Williams: Although I teach at a middle school, working on the YAM project has reminded me to be creative in how I deliver lessons to my students. I strive to make learning fun and engaging by adding videos and music whenever possible, which are both vital tools that we’ve utilized throughout this project. My hope is to make learning accessible to all students, regardless of their struggles.
Wright: My participation in the YAM project has influenced my daily classroom practices in many ways. This project really highlighted the importance of the arts and students’ ability to express themselves through any form of art. I now allow my students weekly opportunities to express themselves through this medium. I am also much more active when including technology, animation, and engaging programs within my classroom lessons. This has increased my students’ motivation to learn and improved their technology-related life skills.
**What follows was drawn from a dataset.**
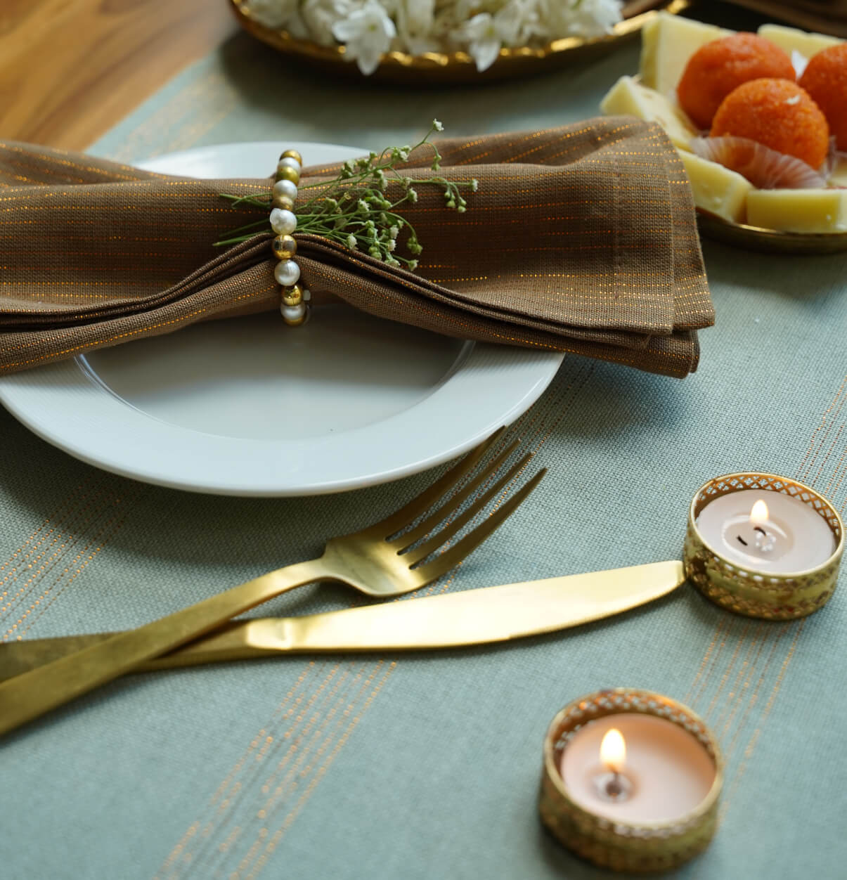 Illuminate your dining table with the refined glow of Zari Stripes Cotton Table Runners — a perfect balance of artisanal craftsmanship and understated festive elegance.
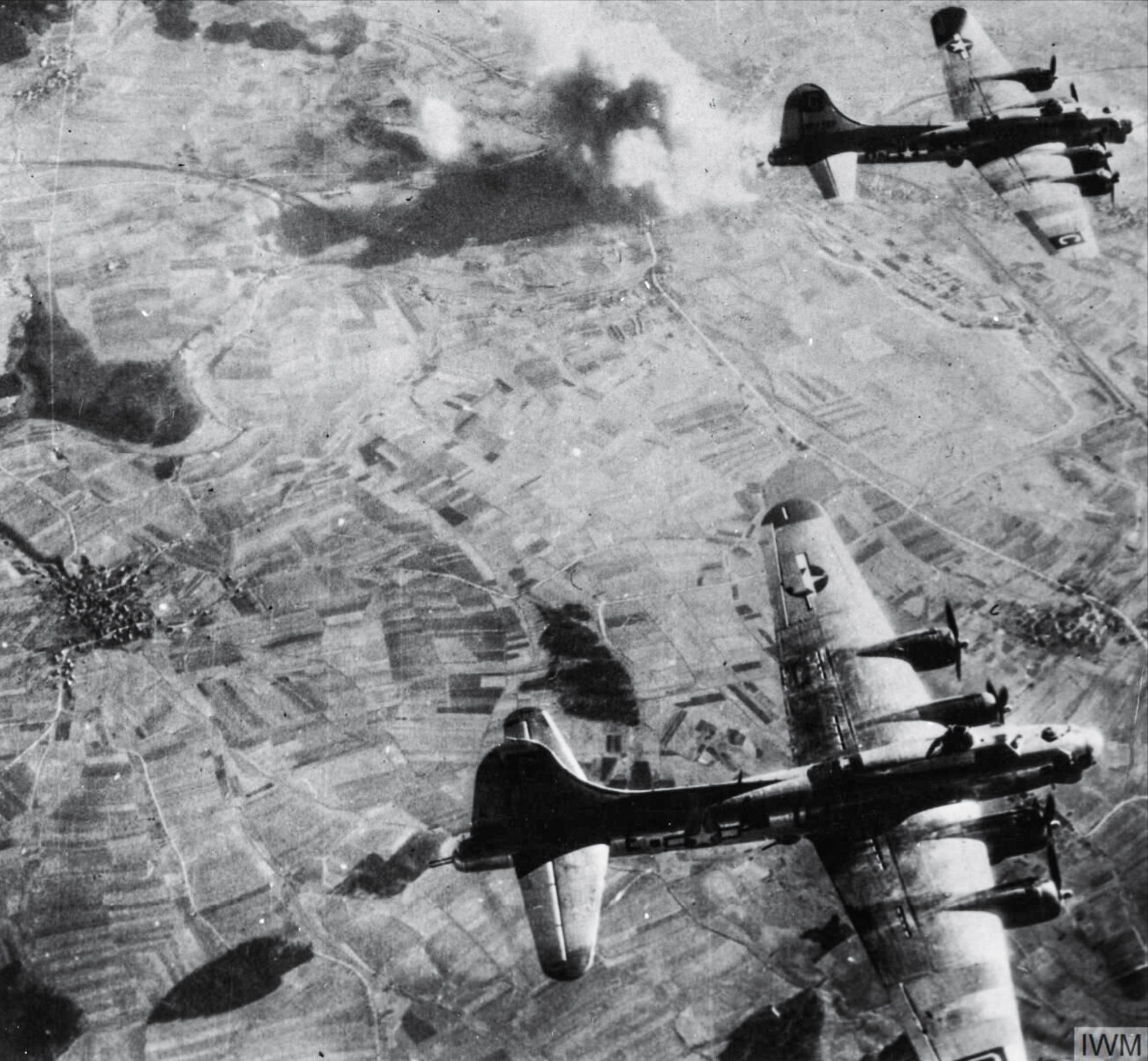 Due to the American daylight strategy the Luftwaffe where often able to attack the bombers in large numbers often without fighter protection. The B-17's and B-24's flew in tight box formations protecting each other after all it was a fight to the death. The B-17's held their own and many Luftwaffe pilots would hold off attacking the group and wait for damaged aircraft to drop from formation before attacking. The B-17 Fortress became an iconic symbol of defiance especially to the Germans who would see the masses of vapour trails and hope it wasn't them on the receiving end of the raid.

In 2021, the YAM project produced three short-form animations, which won two awards including the Viddy Gold Award and the MarCom Gold Award. Most recently, the "Treble Leads the Class" animation received two international accolades including the AVA Digital Platinum Award for Outstanding Animation Short Form Web Video and the Hermes Creative Platinum Award for Video Creativity/ Outstanding Animation. In addition to the Graduate School of Education, SRI International, Daniel’s Music Foundation, The University of Texas at Austin, WestEd, mathematician Charlie Patton, music expert Endre Balogh, and The Herbie Hancock Institute of Jazz are all playing integral roles in the development of the YAM project.